- Associated Press - Friday, May 11, 2012

ATHENS — Greece’s wrangling politicians were locked in last-ditch efforts Friday to form a coalition government, with chances of a deal appearing slim and the country’s future in Europe’s common currency at stake.

Voters on Sunday punished both main parties, the conservative New Democracy and socialist PASOK, for their handling of the country’s protracted financial crisis, deserting them for a myriad of smaller parties on the right and left. The result left a hung parliament, with no party able to form a government.

Hopes for a deal between election winner New Democracy and third place PASOK with the small Democratic Left party of Fotis Kouvelis suffered a setback Friday when Kouvelis insisted he could not participate in a government with just the conservatives and socialists.

“We have made our position clear. In a government with (only) New Democracy and PASOK, we will not take part,” Kouvelis said.

Unless an agreement is found, the country will head to new elections next month. The political instability has alarmed Greece’s European creditors, who have warned that the country’s international bailout package and continued use of the euro could be threatened.
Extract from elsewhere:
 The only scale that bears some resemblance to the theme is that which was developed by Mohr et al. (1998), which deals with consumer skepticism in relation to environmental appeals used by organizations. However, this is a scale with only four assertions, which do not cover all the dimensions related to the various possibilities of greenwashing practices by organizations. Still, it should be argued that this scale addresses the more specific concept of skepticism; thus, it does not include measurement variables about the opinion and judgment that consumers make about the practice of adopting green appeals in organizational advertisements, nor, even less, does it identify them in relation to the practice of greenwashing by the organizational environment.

German Finance Minister Wolfgang Schaeuble suggested the eurozone could deal with an abrupt Greek exit, although he said he didn’t want that.
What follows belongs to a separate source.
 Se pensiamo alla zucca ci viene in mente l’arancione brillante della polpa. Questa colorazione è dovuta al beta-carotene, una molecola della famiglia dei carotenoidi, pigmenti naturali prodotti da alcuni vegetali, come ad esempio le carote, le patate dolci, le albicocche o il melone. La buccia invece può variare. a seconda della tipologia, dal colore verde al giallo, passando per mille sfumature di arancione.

“We have learned a lot in the last two years and built in protective mechanisms,” he told the Rheinische Post newspaper. “The risk of effects on other countries in the eurozone have been reduced and the eurozone as a whole has become more resistant.”

Hopes had been raised Thursday night for a deal involving Antonis Samaras’ New Democracy and former finance minister Evangelos Venizelos’ PASOK joining forces with the Democratic Left, whose 19 seats in the 300-member parliament put it in a potential kingmaker position.

But Kouvelis insisted any coalition must include election runner-up Alexis Tsipras, whose anti-bailout Radical Left Coalition, or Syriza, won 52 seats.

So far, Tsipras has refused to join any government that does not reject the austerity terms of Greece’s bailout, saying the spending cuts and tax cuts are destroying the country’s chances of recovering from its deep financial crisis.

“It is clear from its reaction that from the first moment, Syriza wanted elections,” Kouvelis told his deputies in a speech Friday. “And without Syriza, a government cannot be formed that is in harmony with the popular will, representing the strength of each political party.”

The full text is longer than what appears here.